Пришлось дождаться ухода единственного посетителя мастерской. За двадцать минут ожидания я успел ознакомиться с расклеенными по стенам плакатами, прочитать правила выполнения заказов, требования к состоянию сдаваемых в ремонт инструментов. Даже разгадать часть кроссворда в лежащей на столике газете.

— Что вам угодно? — сдержанно пророкотал приемщик, разминая уставшие от писанины пальцы-сосиски. — Где ваш инструмент?

— Мне нужен Семен Аркадьевич. Мы с ним договорились о встрече.

Приемщыик обшарил меня подозрительным взглядом, будто обыскал с головы до ног. Хорошо, что у меня нет оружия, мелькнула опасливая мысль. Я нисколько не сомневался — в ящике письменного стола мордатого парня лежат не только бланки квитанций и штемпельные подушки.

— Посидите, вас пригласят.

Видимо, приемщик нажал неприметную кнопку — из дверей выглянул его двойник, с такой же угрюмой физиономией и накачанными мускулами. Выглянул, перемигнулся с приемщиком и снова исчез.

Я продолжил разгадывание кроссворда… Прохладительный напиток из четырею букв? Квас, что ли? Последняя буква — первая в названии итальянского города…

— Господин Волин ожидает, — уже более миролюбивым тоном оповестил мордатый. — Вас проводят.

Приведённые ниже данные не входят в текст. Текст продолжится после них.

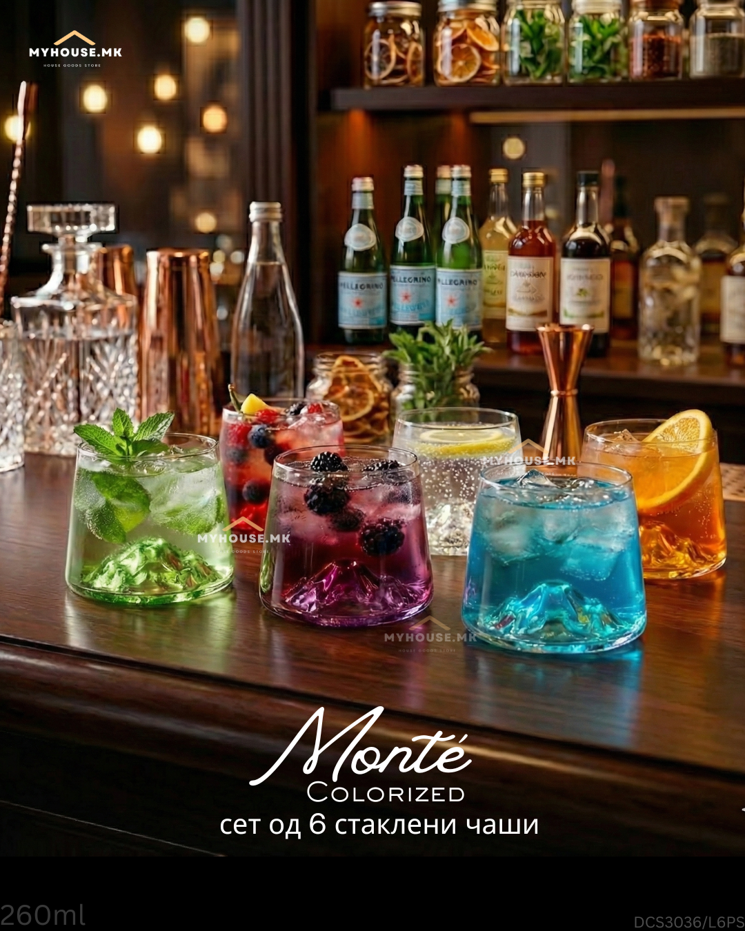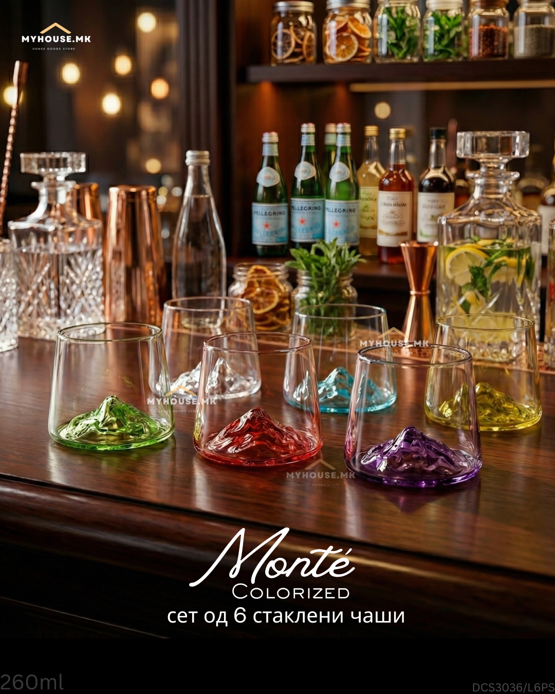 Овој модерен сет содржи 6 чаши со различни бои на дното:

Сопровождение более походило на конвоирование: правая рука «проводника» засунута в карман, идет он вслед за мной, подсказывая куда свернуть, какую дверь открыть. Настоящие катакомбы, немудренно заблудиться и попасть вместо кабинета бизнесмена в пытошную камеру. Интересно, что раньще размещалось в этом здании: склады или производство по выпуску артиллейских снарядов?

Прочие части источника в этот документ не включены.